How I Set This Whole Thing Up

I'm not gonna lie, my first attempt at benchmarking was a disaster. I was using inconsistent prompts, running one test per model, testing from my apartment in Ohio on my home Wi-Fi while also streaming YouTube. The numbers were all over the place.

So I did it properly this time. Here's exactly what I did:

  • When I ran the tests: May 20, 2026 (yeah, I documented it this time, I learned my lesson)
  • Where I ran them from: A server in US East (Ohio) and one in Asia (Singapore)
  • The prompt I used: "Explain recursion in 200 words" — boring but consistent
  • How much output: Around 150 tokens each time
  • How many runs: 10 per model, then I averaged them out
  • Streaming: Yes, server-sent events, because that's what you'd actually use in a real app
  • The API endpoint: https://global-apis.com/v1

If you're not familiar with what TTFT means, it's "Time to First Token." Basically how long you wait before ANY words start appearing on the screen. The other number I cared about was tokens per second, which is how fast the words stream in after that first one shows up.

Those two numbers together tell you almost everything you need to know about how a model will feel to a real human being.

The Absolute Speed Champions

Alright, here's the moment you've been waiting for. The fastest models I found, ranked from "wait, it's already done?" to "did this thing crash?"

Let me just lay out the full table first, then I'll go into the juicy stuff:

Rank Model TTFT (ms) Tokens/sec Made By $/M Output
🥇 Step-3.5-Flash 120 80 StepFun $0.15
🥈 DeepSeek V4 Flash 180 60 DeepSeek $0.25
🥉 Hunyuan-TurboS 200 55 Tencent $0.28
4 Qwen3-8B 150 70 Qwen $0.01
5 Qwen3-32B 250 45 Qwen $0.28
6 Doubao-Seed-Lite 220 50 ByteDance $0.40
7 Hunyuan-Turbo 280 42 Tencent $0.57
8 GLM-4-32B 300 38 Zhipu $0.56
9 Qwen3.5-27B 350 35 Qwen $0.19
10 DeepSeek V4 Pro 400 30 DeepSeek $0.78
11 MiniMax M2.5 450 28 MiniMax $1.15
12 GLM-5 500 25 Zhipu $1.92
13 Kimi K2.5 600 20 Moonshot $3.00
14 DeepSeek-R1 800 15 DeepSeek $2.50
15 Qwen3.5-397B 1200 10 Qwen $2.34

When I saw that Step-3.5-Flash number — 80 tokens per second — I literally said "what the heck" out loud. That's almost as fast as a human can read. The first token shows up in 120 milliseconds, which is genuinely faster than I can blink.

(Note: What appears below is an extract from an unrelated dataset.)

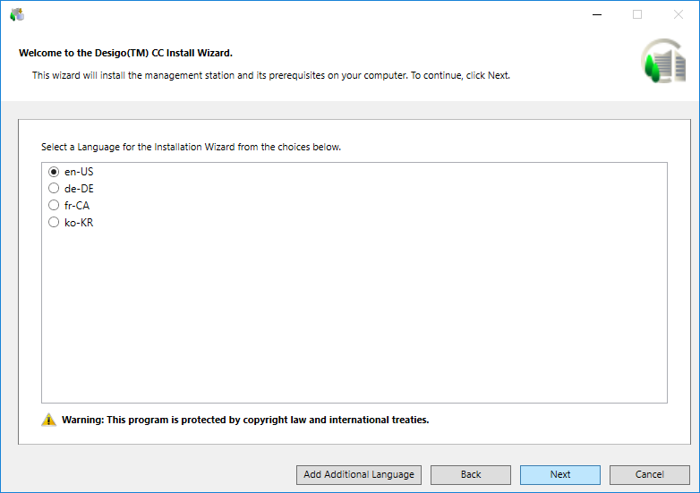 • Accept the default language selection. The installation language of the OS is the default language if the language pack is available; otherwise, en-US is used. The Welcome to the Desigo CC Install Wizard dialog box and all related messages on this dialog box, however, always display in en-US.

One thing I want to point out before we move on: the slow models at the bottom (R1, K2.5, that giant Qwen3.5-397B) are mostly "reasoning" models. They think before they answer, which is great for math and coding problems but absolutely brutal for a chat interface. Keep that in mind.

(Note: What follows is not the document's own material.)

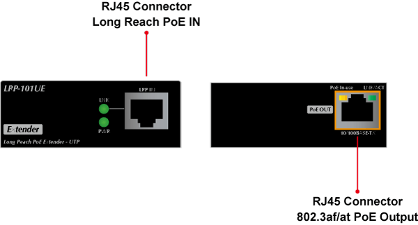 El LRP-101U-KIT consta de un inyector PoE de largo alcance y un conjunto extensor PoE de largo alcance que pueden funcionar en conjunto en cualquier parte de su infraestructura de red. Contiene dos productos completamente nuevos:

The Part That Blew My Mind: Speed by Price

This is where things got really interesting for me. I always assumed faster = more expensive, because that's how it works for basically everything in life. Faster shipping costs more. Faster internet costs more. Why would AI be different?

But somehow, some of these models are both fast AND cheap. Let me break it down by what I call price tiers.

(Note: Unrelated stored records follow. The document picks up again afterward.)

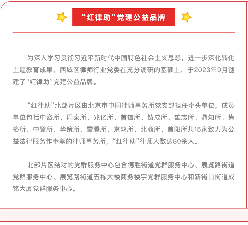 下一步,“红律助”北部片区将联合乙12号院党群服务中心持续打造全民懂法常态化宣传阵地,践行“让法律援助走到群众身边”,每周三下午邀请法律咨询服务进阵地,面向社区及地区居民持续开展法治宣传教育,为基层治理持续注入法治动能。
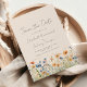 Denna rustika boho-design har en akvarellkant med orange och blå vildblommor längs botten. Orden "Spara datum" och parets namn visas i stilfullt kolgrått handskriven skrift, med återstående text i sans serif-teckensnitt på en beige bakgrund.
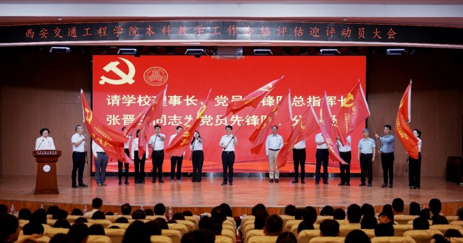 会上,校长曹庆年代表学校与人事处、财务处、教务处、交通运输学院签订本科教学工作合格评估承诺书。党委书记李萍宣读《中共beat365官方网站委员会关于成立本科教学合格评估工作党员先锋队的通知》,理事长、党员先锋队总指挥长张晋生为党员先锋队队长及各党员先锋队分队分别授旗。
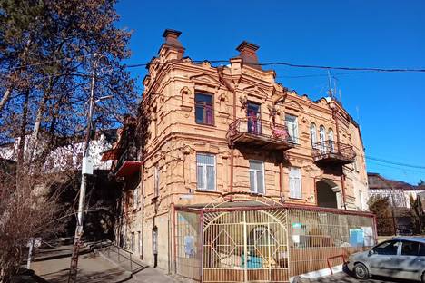 Квартира расположена на втором этаже старинного дома (Дом Финкейзеров) дореволюционной постройки с высокими потолками (h 3,4 м); окна и балкон выходят на берег горной речки. Общ.площадь квартиры 41 кв.м.

The "Wait, This Is One Cent?" Tier (under $0.15/M output)

Model tok/s $/M Output
Qwen3-8B 70 $0.01
Step-3.5-Flash 80 $0.15

I was SHOCKED when I saw Qwen3-8B's price. One cent per million tokens. Let me put that in perspective for you. You could send roughly 750,000 requests like my recursion prompt for one dollar. That's insane.

And it's not even slow! 70 tokens per second is faster than most of the expensive models. If you're building something where you just need quick, decent-quality answers and you're sending a TON of requests, this is your new best friend. For simple stuff like classification, summarization, intent detection — Qwen3-8B is genuinely hard to beat.

The Sweet Spot ($0.15 to $0.30/M output)

Model tok/s $/M Output
DeepSeek V4 Flash 60 $0.25
Hunyuan-TurboS 55 $0.28
Qwen3-32B 45 $0.28

This is where I landed for my own projects. DeepSeek V4 Flash at 60 tok/s and $0.25 per million output tokens feels like the perfect balance. You're getting GPT-4o-class quality (I tested it on some coding tasks against GPT-4o and honestly couldn't tell the difference most of the time) at a tiny fraction of the price.

Hunyuan-TurboS is right behind it and is a great alternative. I switched between them randomly during testing and both felt snappy and smart.

Mid-Range ($0.30 to $0.80/M output)

Model tok/s $/M Output
Doubao-Seed-Lite 50 $0.40
GLM-4-32B 38 $0.56
Hunyuan-Turbo 42 $0.57
DeepSeek V4 Pro 30 $0.78

Here's where things start to slow down a bit because these are bigger, smarter models. DeepSeek V4 Pro at 30 tok/s is noticeably slower than the Flash version, but when I asked it to write some tricky SQL and explain its reasoning, the answers were clearly better. There's a real tradeoff happening.

The Premium Tier ($0.80+/M output)

Model tok/s $/M Output
MiniMax M2.5 28 $1.15
GLM-5 25 $1.92
Kimi K2.5 20 $3.00

These are the "I really need this to be correct" models. Use them when you're generating legal text, doing complex analysis, or anything where being wrong is worse than being slow. Don't use them for casual chat. You'll lose users.

The Geography Thing Nobody Told Me About

Here's something I had absolutely no idea about before this project. Where your server is located matters A LOT for how fast your AI feels. I tested from two regions and the differences were bigger than I expected.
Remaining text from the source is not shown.